Rock and roll, which hasn’t died yet, had a good night Sunday at the Xcel Center.
To a truly packed house — lines to the mens’ room 50-60 deep, and god help the women — Pearl Jam delivered a three-hour reminder of the vitality and, you might even say, purpose of tribal entertainment. The Seattle-based band is a long ways (25 years) past its “grunge” origins. Lead singer Eddie Vedder, guitarists Mike McCready, and Stone Gossard, bass player Jeff Ament, drummer Matt Cameron and keyboard player Boom Gaspar are certifiable rock stars/legends, and are wealthy and revered as such. But the original promise of the power of rock music on a grand scale still has its hooks in them.
That they are less familiar to mainstream America than say, Bruce Springsteen, Neil Young, The Who and others of that magnitude — acts to whom Pearl Jam regularly pays homage — has as much to do with their own well-considered ethos than as their musical style. The pulsing, grinding waves of sonic sensation that is the grunge signature of many of their fan favorites has particular appeal to adolescent males — and the adolescent in most males — who delight in being rendered semi-conscious by sound and fury. Music fans who prefer being lulled or tickled probably don’t have a clue who Pearl Jam is.
The band has famously fought Ticketmaster over the gamed-out corporate control of both ticket pricing and availability. They’re outspoken advocates for environmental issues wherever they go, women’s freedom of choice, (which partly explains why the audience isn’t entirely male), progressive politicians, (the mis-administration of George W. was cut no slack) and innumerable other functions of a truly cooperative, caring society. (The head of the U of M’s Children’s Hospital made a featured appearance midway through Sunday’s show.)
While you sometimes wonder how much of the lyrics and “message” of rock songwriting gets through the impact of the sound, Sunday’s show, like all Pearl Jam shows was an extended sing-a-long, with fans drowning out Vedder on the chorus to most of the 32 numbers. Pretty clearly the crowd in the house both understands and appreciates Pearl Jam’s underlying ethos.

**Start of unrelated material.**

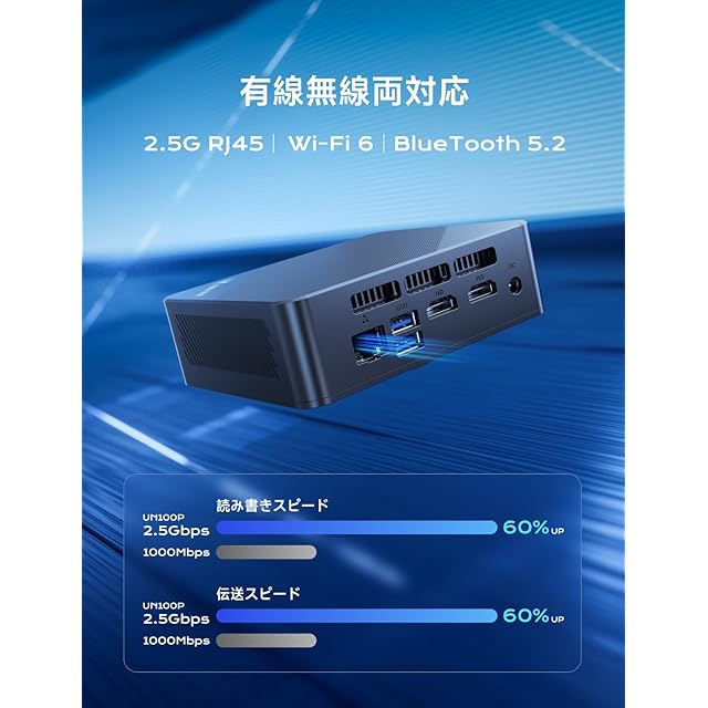 【無線&有線接続両対応】 UN100PミニPCはインテルAX101(Wi-Fi6&Blue tooth5.2)を採用します。2500Mbps LANポートが付き、有線無線両対応です。ソフトウェアルーター(OpenWRT / DD-WRT / Tomatoなど)、ファイアウォール、NAT、ネットワーク分離など、より多くのネットワークを使用できます。

None of the community-bonding spirit and tribe-around-the-bonfire camaraderie would happen of course if it weren’t for the fact that Vedder and the band are so damned entertaining. They’re disciplined show biz pros who completely understand the value of simultaneous physical and emotional fun in creating a mass mindset. There’s good money in fun alone, less in messages about personal and public morality. But the act that can blend the two lives in rare company.
Personally, I really do try to check myself before launching into a righteous-geezer tirade against vapid, cutie-pie/pin up pop stars, factory-stamped “country” acts all with the same t-shirts and big hats, misogynist, self-adulating rappers and the endless outpouring of essentially soulless entertainers desperate most for the perks of fame. That sort of thing is too easy. Fish in a barrel. Not to mention a cliche.
Better to acknowledge the rare act that believes in something beyond itself and has the vitality and chops to deliver it night after night (Pearl Jam does it all over again in Milwaukee this evening). A purpose — “evolution, baby” as Vedder sings — beyond mere cash flow was a central tenet of the music that allegedly shaped several generations, meaning Bob Dylan, Bob Marley on through Springsteen and U2. At least that’s the way fans of the form like to remember it, and be reminded of it.
Although, that said, the lines for the Pearl Jam merchandise tables were nearly as long as for the toilets.